Work instructions
Everything from the line containing "A 19TH CENTURY" through the last line of the entries needs to be repeated exactly. Pictures must be left out.

*** Records supplied Section Begins ***

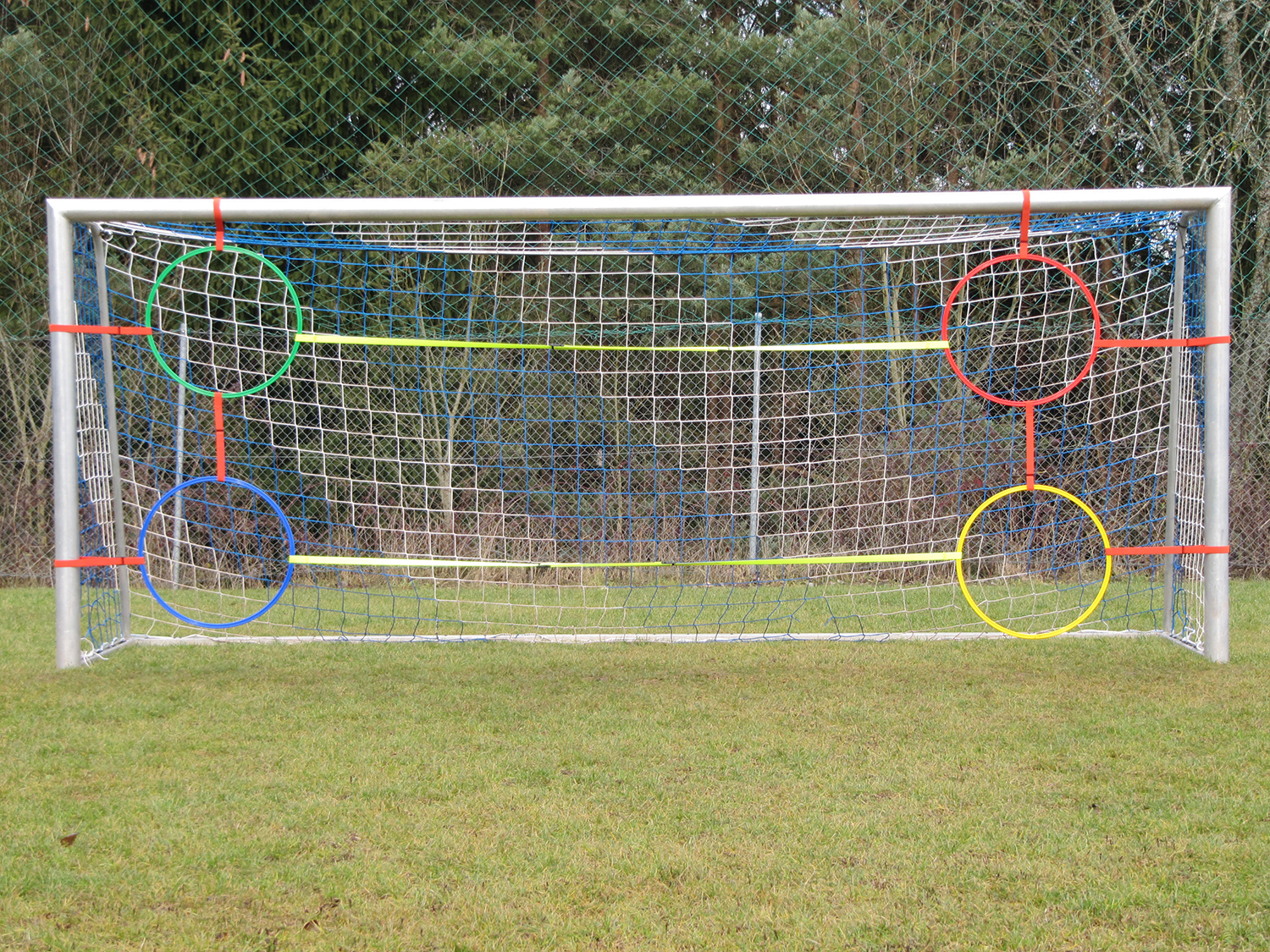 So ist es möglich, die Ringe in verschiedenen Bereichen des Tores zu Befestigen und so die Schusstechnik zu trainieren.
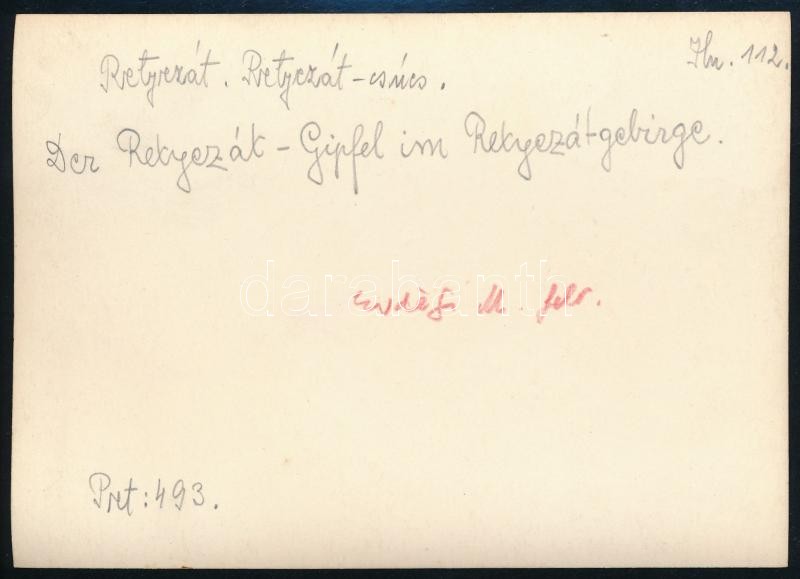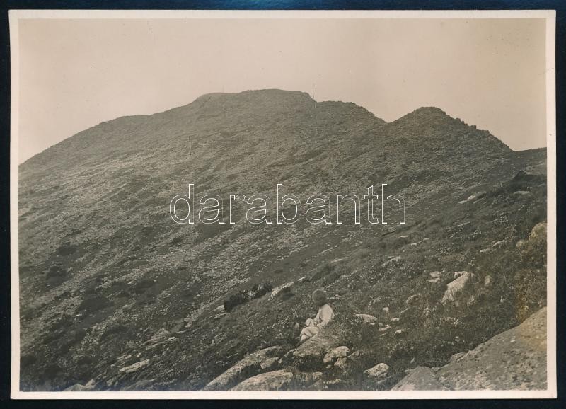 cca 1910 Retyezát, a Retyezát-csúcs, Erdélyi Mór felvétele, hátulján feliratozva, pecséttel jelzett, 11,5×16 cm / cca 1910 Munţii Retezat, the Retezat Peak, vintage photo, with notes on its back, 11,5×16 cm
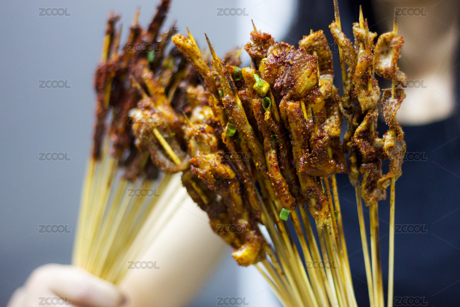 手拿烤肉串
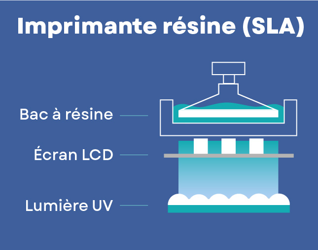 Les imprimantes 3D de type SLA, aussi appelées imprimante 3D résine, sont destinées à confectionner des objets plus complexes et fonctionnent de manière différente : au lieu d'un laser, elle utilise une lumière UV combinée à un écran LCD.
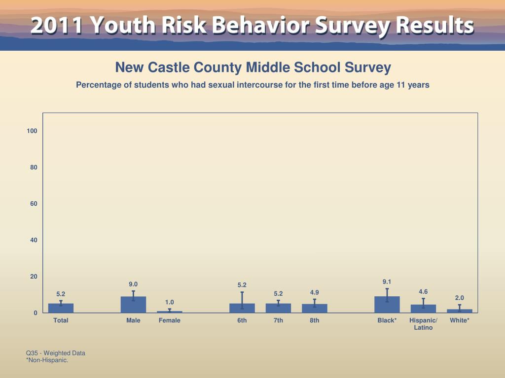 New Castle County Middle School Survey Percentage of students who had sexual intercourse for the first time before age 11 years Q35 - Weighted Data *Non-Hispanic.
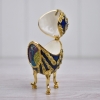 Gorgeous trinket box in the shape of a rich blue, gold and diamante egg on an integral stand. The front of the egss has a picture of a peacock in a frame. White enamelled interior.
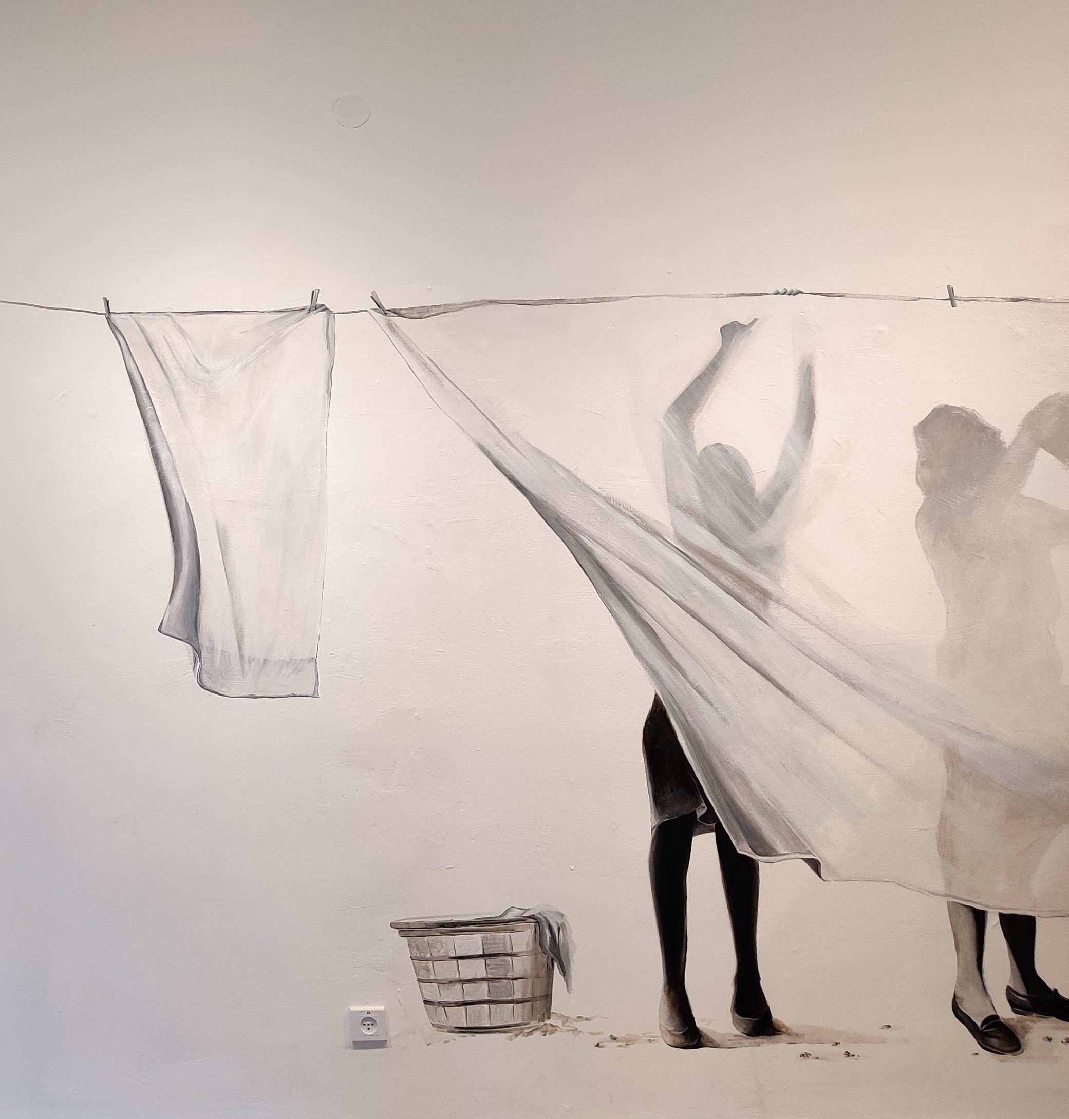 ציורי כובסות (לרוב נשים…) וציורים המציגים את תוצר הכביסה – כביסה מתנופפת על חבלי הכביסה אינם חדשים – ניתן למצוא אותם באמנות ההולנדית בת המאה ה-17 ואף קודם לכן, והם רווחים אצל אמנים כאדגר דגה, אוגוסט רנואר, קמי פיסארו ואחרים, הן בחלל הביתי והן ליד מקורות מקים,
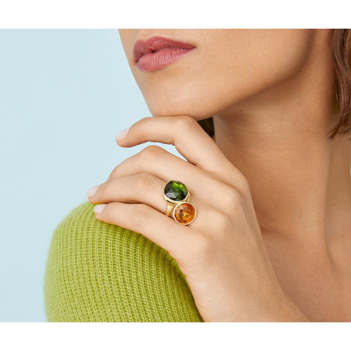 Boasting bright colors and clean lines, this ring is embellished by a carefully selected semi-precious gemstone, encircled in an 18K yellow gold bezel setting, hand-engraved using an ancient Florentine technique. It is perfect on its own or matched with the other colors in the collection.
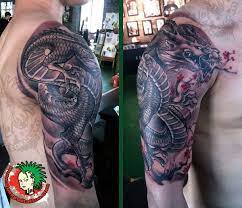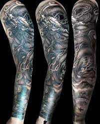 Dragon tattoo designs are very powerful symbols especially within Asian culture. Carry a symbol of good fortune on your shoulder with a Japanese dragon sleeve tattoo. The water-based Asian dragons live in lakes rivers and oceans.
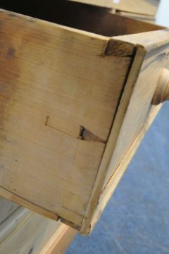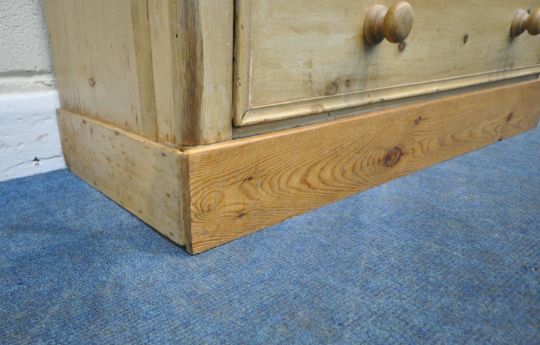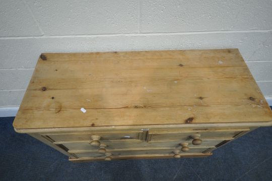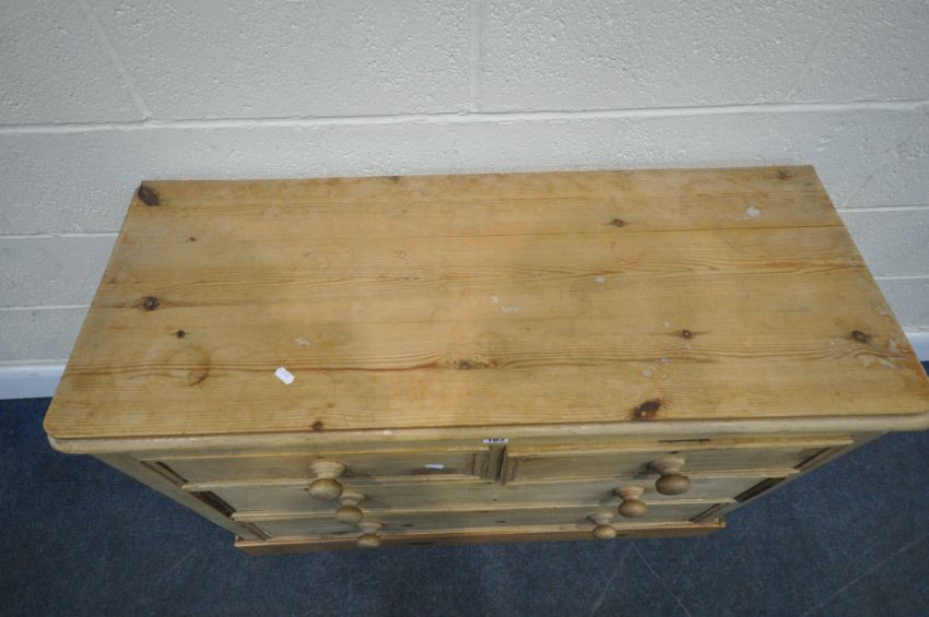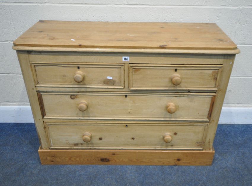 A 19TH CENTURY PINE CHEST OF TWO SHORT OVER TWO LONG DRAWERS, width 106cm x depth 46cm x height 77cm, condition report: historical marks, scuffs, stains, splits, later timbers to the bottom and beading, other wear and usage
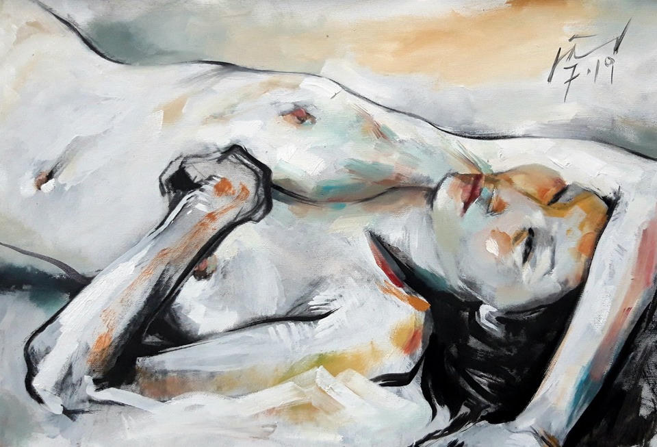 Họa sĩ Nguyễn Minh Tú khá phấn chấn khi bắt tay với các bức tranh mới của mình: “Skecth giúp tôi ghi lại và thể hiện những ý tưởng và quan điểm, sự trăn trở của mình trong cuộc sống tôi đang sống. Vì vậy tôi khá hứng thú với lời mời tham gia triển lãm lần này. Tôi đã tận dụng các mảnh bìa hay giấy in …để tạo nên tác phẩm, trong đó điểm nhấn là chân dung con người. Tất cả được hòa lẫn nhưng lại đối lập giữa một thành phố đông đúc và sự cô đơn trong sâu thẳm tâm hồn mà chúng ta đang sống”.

*** Records supplied Section Ends ***

Response area
 A 19TH CENTURY PINE CHEST OF TWO SHORT OVER TWO LONG DRAWERS, width 106cm x depth 46cm x height 77cm, condition report: historical marks, scuffs, stains, splits, later timbers to the bottom and beading, other wear and usage
 Họa sĩ Nguyễn Minh Tú khá phấn chấn khi bắt tay với các bức tranh mới của mình: “Skecth giúp tôi ghi lại và thể hiện những ý tưởng và quan điểm, sự trăn trở của mình trong cuộc sống tôi đang sống. Vì vậy tôi khá hứng thú với lời mời tham gia triển lãm lần này. Tôi đã tận dụng các mảnh bìa hay giấy in …để tạo nên tác phẩm, trong đó điểm nhấn là chân dung con người. Tất cả được hòa lẫn nhưng lại đối lập giữa một thành phố đông đúc và sự cô đơn trong sâu thẳm tâm hồn mà chúng ta đang sống”.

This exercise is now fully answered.